Crypto ETFs to Overtake Precious Metals by 2025
Analysts at State Street forecast that crypto ETFs will outgrow precious metals in North America by the end of 2025, solidifying their status as the third-largest ETF asset class.
Cryptocurrency exchange-traded funds are projected to outpace precious metals in the U.S. by 2025, becoming the third-largest ETF category, following equities and bonds, according to the Financial Times, which cites State Street’s forecast.
> “We have been very surprised by the speed of growth of crypto. I expected there to be pent-up demand, but I didn’t expect it to be as strong as it was.”

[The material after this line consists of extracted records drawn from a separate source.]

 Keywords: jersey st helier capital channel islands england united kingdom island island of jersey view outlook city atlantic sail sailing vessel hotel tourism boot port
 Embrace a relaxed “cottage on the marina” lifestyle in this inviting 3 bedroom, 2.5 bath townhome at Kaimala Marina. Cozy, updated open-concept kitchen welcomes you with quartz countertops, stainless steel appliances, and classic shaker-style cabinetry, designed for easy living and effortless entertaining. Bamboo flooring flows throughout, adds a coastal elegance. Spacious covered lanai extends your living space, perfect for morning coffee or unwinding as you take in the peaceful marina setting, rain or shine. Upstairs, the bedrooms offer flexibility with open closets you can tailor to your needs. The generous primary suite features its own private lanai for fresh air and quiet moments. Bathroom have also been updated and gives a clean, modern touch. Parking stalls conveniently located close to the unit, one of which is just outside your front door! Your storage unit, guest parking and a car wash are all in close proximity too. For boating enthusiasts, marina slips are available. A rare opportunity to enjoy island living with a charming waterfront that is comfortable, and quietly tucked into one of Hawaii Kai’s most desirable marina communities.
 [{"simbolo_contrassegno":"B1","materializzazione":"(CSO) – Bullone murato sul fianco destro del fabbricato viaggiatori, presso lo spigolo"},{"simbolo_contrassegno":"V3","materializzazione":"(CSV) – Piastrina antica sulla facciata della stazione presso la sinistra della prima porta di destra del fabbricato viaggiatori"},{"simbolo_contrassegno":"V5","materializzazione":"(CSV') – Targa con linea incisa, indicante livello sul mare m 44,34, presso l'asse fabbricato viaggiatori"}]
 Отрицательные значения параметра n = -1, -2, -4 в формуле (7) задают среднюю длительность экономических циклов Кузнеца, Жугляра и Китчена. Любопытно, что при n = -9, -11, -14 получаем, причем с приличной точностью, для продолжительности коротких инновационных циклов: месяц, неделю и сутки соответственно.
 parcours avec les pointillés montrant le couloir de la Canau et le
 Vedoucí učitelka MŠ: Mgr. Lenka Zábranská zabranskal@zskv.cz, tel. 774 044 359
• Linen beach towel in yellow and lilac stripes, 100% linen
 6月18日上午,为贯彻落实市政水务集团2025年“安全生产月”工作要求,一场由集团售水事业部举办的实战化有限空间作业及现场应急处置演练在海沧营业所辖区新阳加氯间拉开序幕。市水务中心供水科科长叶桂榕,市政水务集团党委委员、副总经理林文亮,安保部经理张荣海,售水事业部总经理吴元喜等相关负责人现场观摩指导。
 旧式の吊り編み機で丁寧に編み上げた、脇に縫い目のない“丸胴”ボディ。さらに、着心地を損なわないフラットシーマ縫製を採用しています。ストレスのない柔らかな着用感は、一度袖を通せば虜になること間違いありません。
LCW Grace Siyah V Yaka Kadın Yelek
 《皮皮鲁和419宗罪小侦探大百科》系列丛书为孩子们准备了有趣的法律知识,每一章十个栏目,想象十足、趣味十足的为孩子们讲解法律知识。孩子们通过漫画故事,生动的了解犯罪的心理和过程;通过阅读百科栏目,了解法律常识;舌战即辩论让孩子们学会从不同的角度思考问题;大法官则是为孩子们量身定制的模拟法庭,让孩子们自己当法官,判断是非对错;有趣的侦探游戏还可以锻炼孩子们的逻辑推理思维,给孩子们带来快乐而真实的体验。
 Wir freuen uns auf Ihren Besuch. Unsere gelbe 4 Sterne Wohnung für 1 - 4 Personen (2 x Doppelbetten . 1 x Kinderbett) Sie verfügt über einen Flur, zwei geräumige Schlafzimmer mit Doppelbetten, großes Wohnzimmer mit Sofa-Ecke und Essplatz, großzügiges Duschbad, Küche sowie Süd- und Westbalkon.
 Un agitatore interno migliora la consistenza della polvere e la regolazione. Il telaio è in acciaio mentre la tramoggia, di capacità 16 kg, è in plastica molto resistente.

> — Frank Koudelka, State Street’s global head of ETF solutions
In February, U.S. spot Bitcoin ETFs recorded over $3.5 billion in net outflows. State Street anticipates the U.S. Securities and Exchange Commission will permit ETFs based on altcoins in 2025. Koudelka noted, “there are a lot of other coins out there that ETFs can potentially solve for.” Furthermore, the bank predicts approval for “in-kind” trading for crypto ETFs, allowing transactions in crypto rather than cash.
As of late February, there are 39 crypto ETFs in the U.S., with a total of around $100 billion, according to ETF Database. BlackRock and Fidelity are significant players, with $57 billion and $20 billion in their crypto ETFs, respectively.
In contrast, North American precious metal ETFs, including the $85 billion SPDR Gold Trust, hold a total of $165 billion. However, analysts at State Street expect crypto ETFs to surpass this amount this year.